Students suffer with a detached curriculum

By Chang Kuo-tsai 張國財

Every now and then, a fierce debate will arise over elementary and junior-high schools, the number of hours and their distribution, and curriculum adjustments of the different courses. When fighting over the number of hours to be distributed, “departmentalism” makes people pull out all the stops. When creating course outlines and standards, textbook depth, scope and angle become contentious points and the targets of struggles, tugs-of-war and marketing placement. The most problematic and most seriously affected courses are Chinese, geography and history.

When it comes to Chinese literature, there is a conflict between the vernacular of modern people and the classical Chinese of the past. In geography, there is the choice between pro-localization and learning about China’s main rivers. In this literary feast, there is dispute over how much time should be given to classical thinking and how much should go to modern ideas. There are also the conflicts between pure appreciation and practical applicability, and between conservatism and heritage on the one hand and reform, opening up and innovation on the other.

In addition to integrating the cultural affiliations of young students, the writing of Chinese textbooks also affects national competitiveness and direction.
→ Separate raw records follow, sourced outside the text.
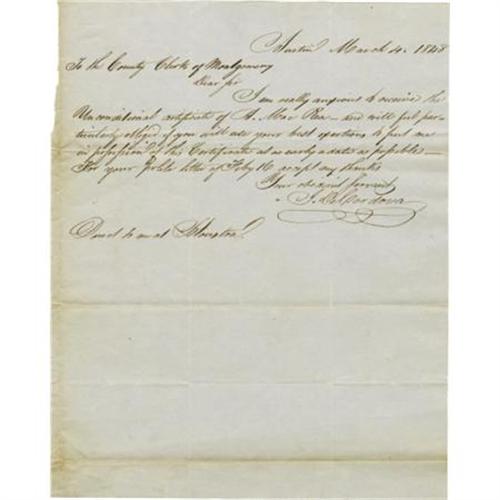 <B>Jacob Raphael De Cordova Autograph Letter Signed</B></I> "<I>J. De Cordova</B></I>," one page, 7.75" x 9.75". Austin, March 4, 1848. To the County Clerk of Montgomery. In full, "<I>I am really anxious to receive the Unconditional certificate of H. Mac Rea - and will feel particularly obliged if you will use your best exertions to put me in possession of this Certificate at as early a date as possible - For your polite letter of Feby 16 accept my thanks.</B></I>" De Cordova adds "<I>Direct to me at Houston.</B></I>" Jacob Raphael De Cordova (1808-1868) was born in Spanish Town, Jamaica, but was reared by an aunt in England because his mother had died in childbirth. His father, a Jewish coffee grower, moved to Philadelphia where he became president of Congregation Mikveh Israel in 1820. Jacob joined his father in Philadelphia, married, and learned the printing trade. He returned to Jamaica in 1834 where he and his brother started a newspaper, the "Kingston Daily Gleaner." In 1836, Jacob went to New Orleans where he shipped cargoes of staples to Texas during its struggle for independence. As Grand Master of the Odd Fellows, he visited the Texas Republic to install members in Odd Fellows lodges, the first established outside the United States. Jacob settled in Galveston, Texas in 1839, then moved to Houston where, in 1847, he was elected as a state representative to the Second Texas Legislature. This letter was written by Jacob De Cordova from the state capital during his one two-year term in the state legislature. Through scrip and direct purchase, De Cordova acquired large amounts of land to sell to settlers. He made speeches in New York, Philadelphia, and other U.S. cities on the desirability of living in Texas and even traveled to England to speak to a cotton-spinners association in Manchester. His lectures were published and were widely read. De Cordova was one of three men who laid out the town of Waco in 1848-1849. Normal folds and two browned folds in blank left and lower edges. Small portion missing at upper blank left. Very good condition.<B>Condition Report:</B> <BR><BR><b>Shipping:</b> Flat Material, Small (<a target="_blank" href="http://www.heritageauctions.com/common/shipping.php">view shipping information</a>)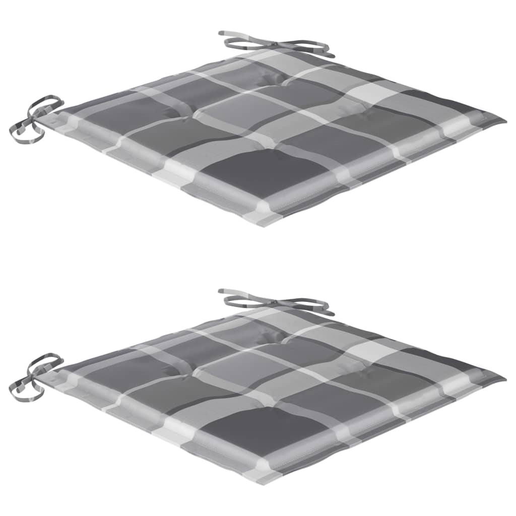 Gartenstühle Graue Karomuster-Kissen 2 Stk. Massivholz Teak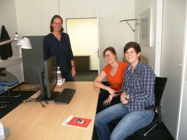 Foto: Im studienbegleitenden Programm „Mit dem Master in den Mittelstand“ gibt es die Möglichkeit eines sogenannten „Job Shadowings“, einer eintägigen Hospitation eines Studierenden im Unternehmen. Die Studentin Adriana Dreyer hat einen Tag lang Mitarbeiter der FORTIS IT-Services GmbH in ihrem Arbeitsalltag begleitet. Das Bild zeigt Sylvia Hein (links) und Janna Wieneke (rechts) von der FORTIS IT-Services GmbH mit der Studentin Adriana Dreyer.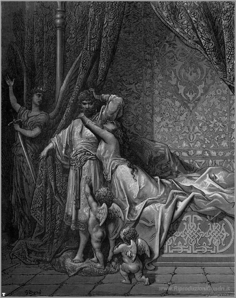 Ti offriamo una riproduzione artigianale su tela dell'opera famosa 'Orlando Furioso' di Gustave Dore, dal Museo delle Riproduzioni.

The teaching materials for junior-high schools are almost completely detached from current realities and run counter to US educational reformer John Dewey’s idea of “education as life, life as education.”

When it comes to geography, most ink is spent not on the land we walk on, but on “glorious China.” Young students do not know that they are seeing the Jhuoshui River (濁水溪) through the train window or how many stations there are on the Neiwan Line or the Jiji Line, but they know the train line between Shanghai and Hangzhou like the back of their hand and they know how long the Yangtze River and the Yellow River are and they can recite which Chinese provinces they flow through.

They know less about Wusanto Reservoir (烏山頭水庫) and Hatta Yoichi, the Japanese engineer who planned and supervised its construction, than they do about Li Bing (李冰), an engineer during the Warring States period, and his Dujiangyan irrigation system in what is now Sichuan Province. Likewise, they do not know where the mangoes, dates, bananas and lychees sold at local fruit stands come from, but they can recite the three northeastern ancestral treasures — ginseng, sable fur and Carex meyeriana grass — in their sleep.

If this kind of education is not detached, then what is?

When it comes to history, every country has mythology associated with its ancient history, but in regard to modern history, ideas and stories can be verified. No matter how much one wants to distort the facts, lies can be detected.

However, this is precisely what the four professors of Chinese literature and one professor each from the fields of political science, economy, geography, East Asian culture, oceanic culture and general education have been put on a task force to do. They want to make “minor adjustments” to 34.6 percent of the Taiwanese history curriculum to “put things right again.”

Letting a group of amateurs compile Taiwanese history makes it clear that they are mixing up the mythology of ancient history with their modern lies.

Alas, one is left to wonder what education in Taiwan has to do with learning facts.

Chang Kuo-tsai is a retired National Hsinchu University of Education associate professor and a former deputy secretary-general of the Taiwan Association of University Professors.